LLM Merging Techniques Overview

Updated 30 July 2025

LLM merging is a process for combining independently fine-tuned language models using parameter-space techniques to retain and integrate domain-specific skills.
It leverages methods such as linear averaging, geometric interpolation, and sparsity-driven masking to balance conflicting updates and preserve performance.
Advanced merging frameworks facilitate rapid capability expansion, modular customization, and enhanced safety alignment in multi-domain NLP systems.

LLM merging encompasses a diverse suite of parameter-space and function-space methods for combining pretrained or fine-tuned models to yield a unified neural network with aggregate capabilities. Unlike multi-task training, which requires joint access to all domains and data, merging leverages existing specialized models—each potentially trained on different objectives, orderings, or modalities—while often bypassing full retraining. This paradigm addresses demands for modularity, computational efficiency, rapid capability expansion, and customizable alignment (helpfulness, honesty, harmlessness, or safety) within large-scale NLP systems.

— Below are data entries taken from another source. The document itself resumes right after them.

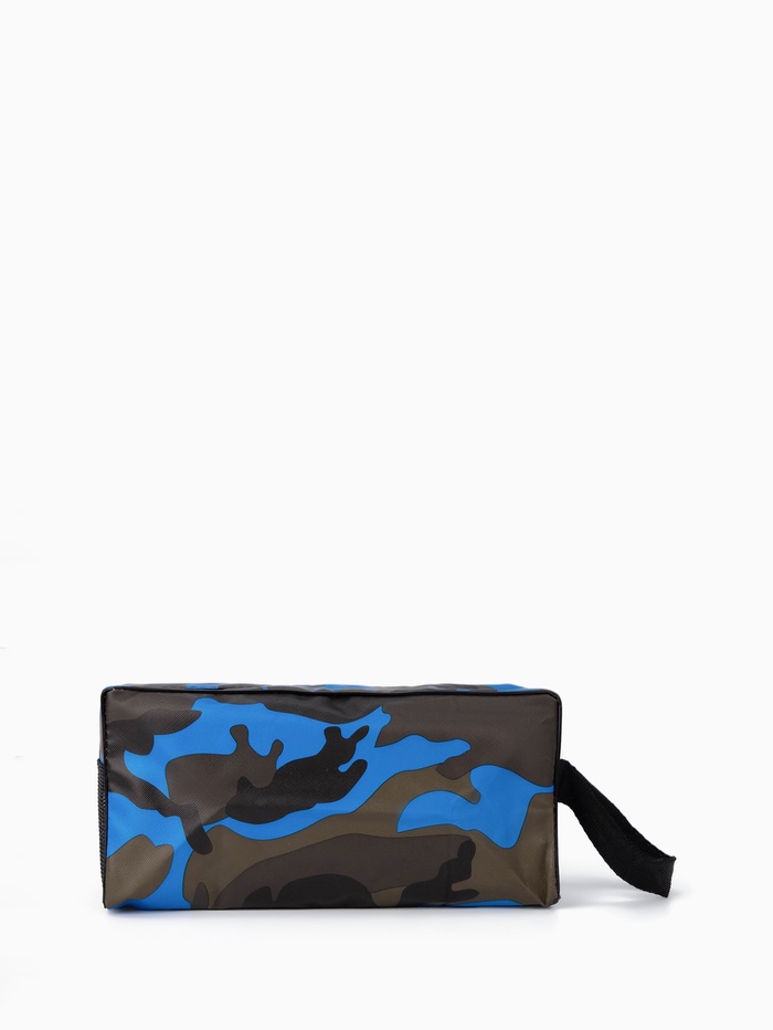 Косметичка на молнии мужская, с ручкой, с принтом, с сеткой, камуфляж/синяя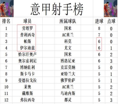 射手榜方面,意甲依然是五大聯賽唯一無人進球上雙的聯賽,勞塔羅8球繼續領跑,普利西奇7球位列第2。伊爾迪茲今天打入鎖定勝局的一球,帕斯傳射建功,他們追上恰爾汗奧盧和奧爾索利尼,4人6球并列第3。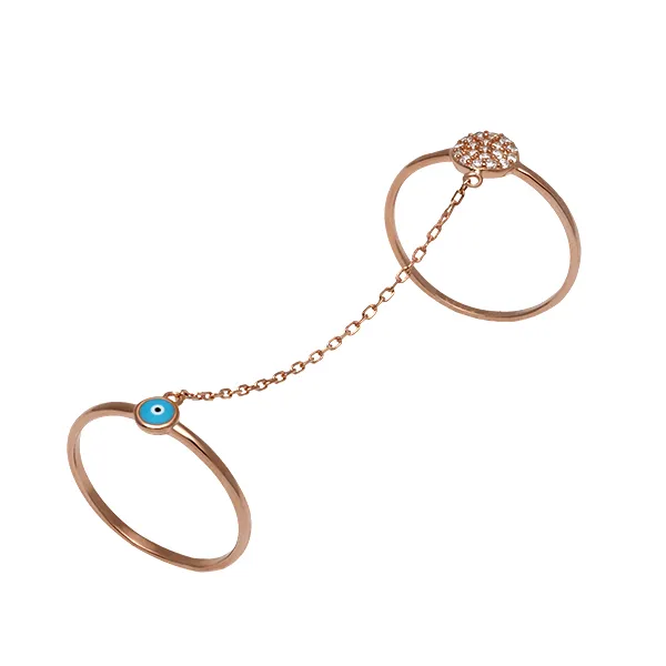 925 ασημένιο διπλο γυναικείο δαχτυλίδι,με ροζ χρυσό και ζιργκόν.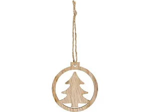 Деревянное украшение круглой формы с елкой внутри, с петлей и шнурком. Упаковано с открыткой из крафт-бумаги на обратной стороне.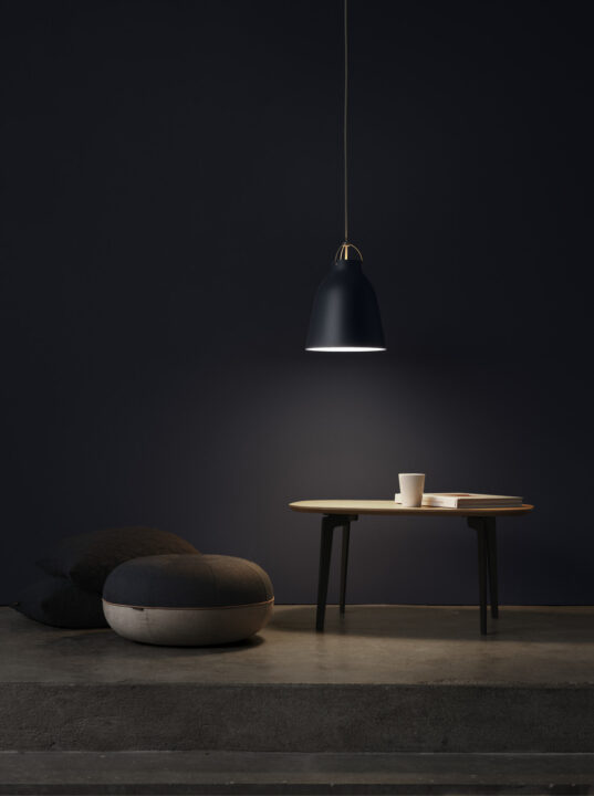 「当時まだほぼ無名のデザイナーだったセシリエ・マンツの『カラヴァッジオ』を見て、これはヒットするかもしれないと思ったんです。基本、器具のデザインで光をどう演出するか、あるいは光学的に制御し、いかにバランスよく空間に光を届けるか、この二点が照明器具の大まかなデザインの方向性だと思います。そのなかで『カラヴァッジオ』は、ほとんどフォルムしか感じないシンプルなデザインと、光が真下にポトンと落ちる上品な佇まいが強く印象に残りました。初期の『カラヴァッジオ』はハイグロスブラックをメインで取り扱っていたので、空間にブラックアウトしたフォルムが並ぶビジュアルはとても新鮮でしたね。シェードの色と異なったカラーケーブルを取り入れたりと、それまでにないクリーンな雰囲気が際立っていました」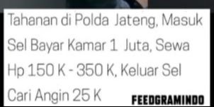 “Awal masuk ditahan di Polda semua bayar kamar dikenakan Rp 1 juta. Terus kalau mau keluar dari sel harganya Rp 25.000, namanya angin-angin dari jam 4 sore sampai jam 7 malam,” aku Pria dalam video tersebut.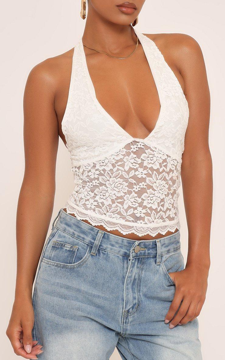 Halterneck Plunge Front Top In White Lace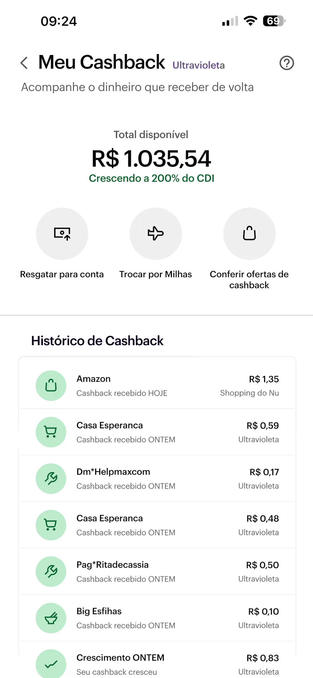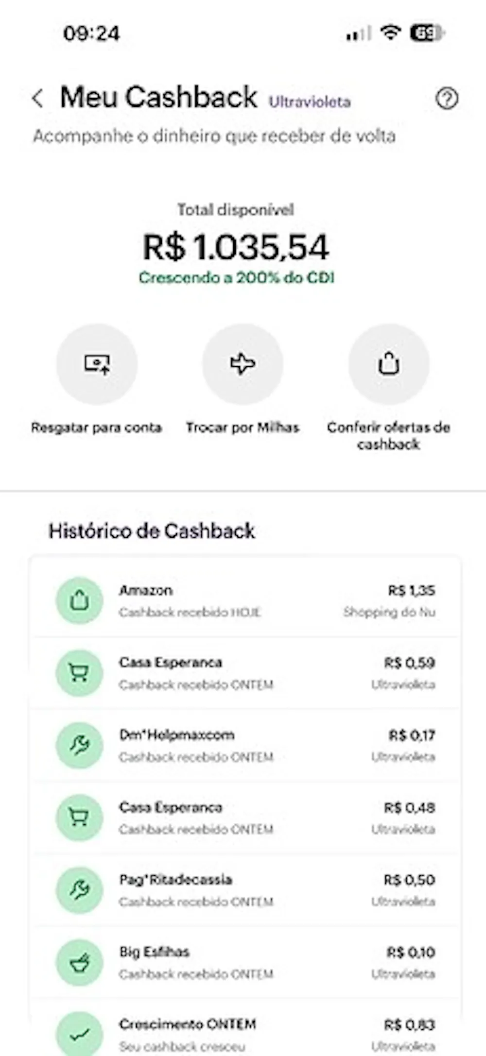 Oi Nubank, gostaria de sugerir que vocês tragam telas distintas para o cashback do cartão ultravioleta e os cashbacks do shopping Nu. Pois atualmente não faz sentido o cliente ultravioleta acessar o botão de cashback da home com finalidade de ver o rendimento do ultravioleta e ter ali os cashbacks do shopping Nu. Além de ficar bagunçado e pouco prático com informações misturadas.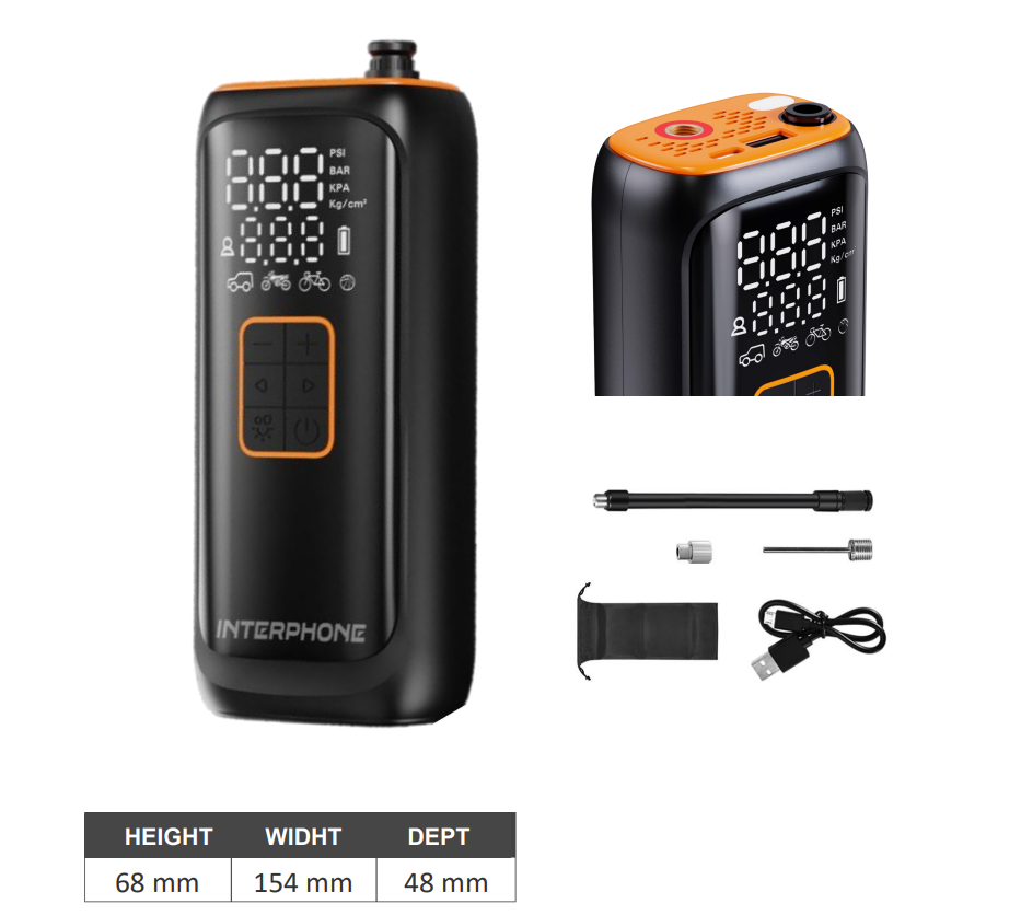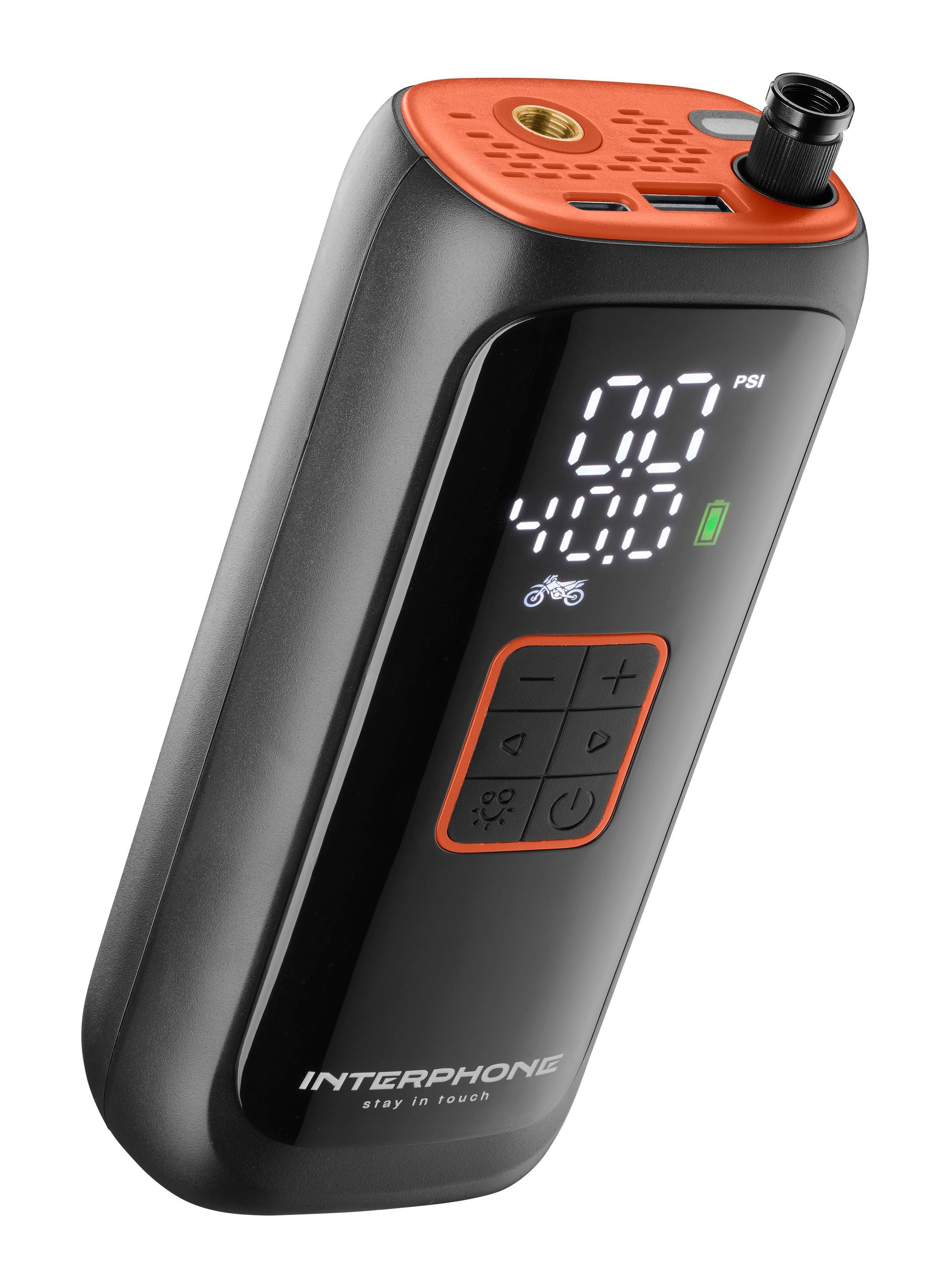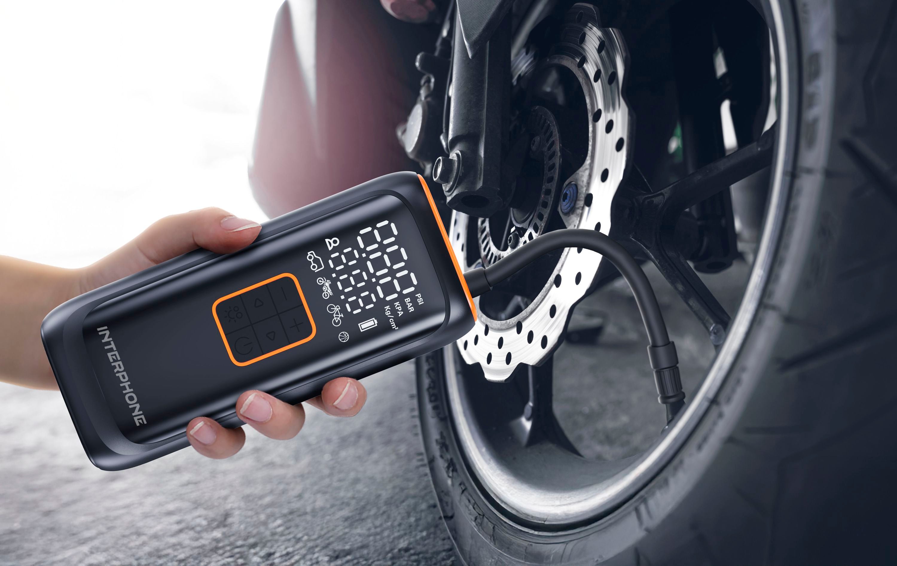 Silný a rýchly: Nafúkne až 4 motocyklové pneumatiky naraz na jedno nabitie. Šikovný a praktický dizajn: Je vybavený integrovanou hadicou, spolu s displejom na sledovanie tlaku. Pokročilé bezpečnostné funkcie automatického zastavenia pri dosiahnutí požadovaného tlaku. Integrované LED svetlo Batéria s dlhou výdržou s funkciou powerbanky

Recent years have seen the rise of both training-free and hybrid strategies, spanning linear, nonlinear, sparsity-aware, geometric, data-driven, and search-based approaches. Evaluations reveal critical trade-offs regarding knowledge retention, interference, forgetting, generalization, and system cost.

1. Foundations and Motivations in LLM Merging

LLM merging formalizes the process of aggregating multiple (often independently fine-tuned) LLMs into a single multi-domain model via parameter manipulation, without access to all underlying training data or requiring full re-training (2505.10833). The canonical arithmetic view expresses the merged parameter tensor as:

$\theta_{\text{merged}} = \theta_0 + \sum_{i=1}^n \lambda_i \cdot (\theta_i - \theta_0)$

where $\theta_0$ is the base model, $\theta_i$ is each specialized model, and $\lambda_i$ controls each “task vector’s” (difference vector’s) contribution. This task arithmetic formulation and its variants underpin many merging pipelines (2505.10833, Liu et al., 28 Mar 2024). Contexts motivating model merging include:

Avoiding multi-task training cost and data consolidation
Retaining or fusing domain expertise (e.g., coding, mathematics, multilinguality, instruction following)
Extending generalization and robustness with negligible incremental computation
Rapidly updating or customizing models (e.g., for alignment or sequential knowledge editing (Fu et al., 14 Jun 2025))
Enabling modular, decentralized LLM development and deployment (Zhang et al., 17 Oct 2024)

Limitations of baseline parameter averaging—such as catastrophic interference, alignment drift, and domain forgetting—have spurred a proliferation of advanced merging techniques addressing sign conflicts, sparsity, scaling, and contribution estimation.

2. Core Parameter-Space and Algorithmic Merging Approaches

LLM merging methods are categorized by their treatment of task vectors, weighting coefficients, structural compatibility, and conflict resolution strategy:

Method Type	Principle	Example Algorithms
Linear/Averaging	Element- or vector-wise mean	Model Soup, Task Arithmetic
Geometric/Interpolation	Spherical interpolation in space	SLERP, Model Stock
Sparsity-Driven/Masking	Drop low-magnitude or conflicting parameters	TIES, DARE, Localize-and-Stitch (2505.10833)
Information-Weighted	Use Fisher Information or RegMean	Fisher Merging, RegMean
Data-Driven/Search-Based	Optimize merging weights or operations via held-out data	Bayesian optimization (Liu et al., 28 Mar 2024), EvoMM, LM-Cocktail
Randomized Linear Mixing	Random interpolation ratio (beta distributed)	Mixup Model Merge (M³) (Zhou et al., 21 Feb 2025)
Hierarchical/Selective	Per-parameter or per-channel selection	Selective Parameter Merging (Ju et al., 1 Oct 2024), Channel Merging (Zhang et al., 18 Dec 2024)

Key advances include:

Sparsification (TIES, DARE) to mask out parameters causing interference
Sign-aware and magnitude-aware pruning (e.g., TIES: retain parameter updates with sign consensus; DARE: random dropout and rescale)
Data-driven procedures to set $\lambda_i$ via validation-based search or multi-objective optimization (Bayesian optimization (Liu et al., 28 Mar 2024), SMAC (Su et al., 6 Feb 2025))
Novel contribution and saliency metrics (OBIM (Wang et al., 17 Feb 2025), Hi-Merging (Fu et al., 14 Jun 2025))
Channel or neuron-level matching to minimize parameter conflict and storage (Channel Merging (Zhang et al., 18 Dec 2024); DOTResize (Verma et al., 6 Jul 2025))
Specialized merging for fine-tuned (FT) and pre-trained (PT) model mixing using weight disentanglement, e.g., WIDEN (Yu et al., 6 Aug 2024)
Automated and multi-fidelity merging frameworks leveraging layerwise and depth-wise search (Su et al., 6 Feb 2025)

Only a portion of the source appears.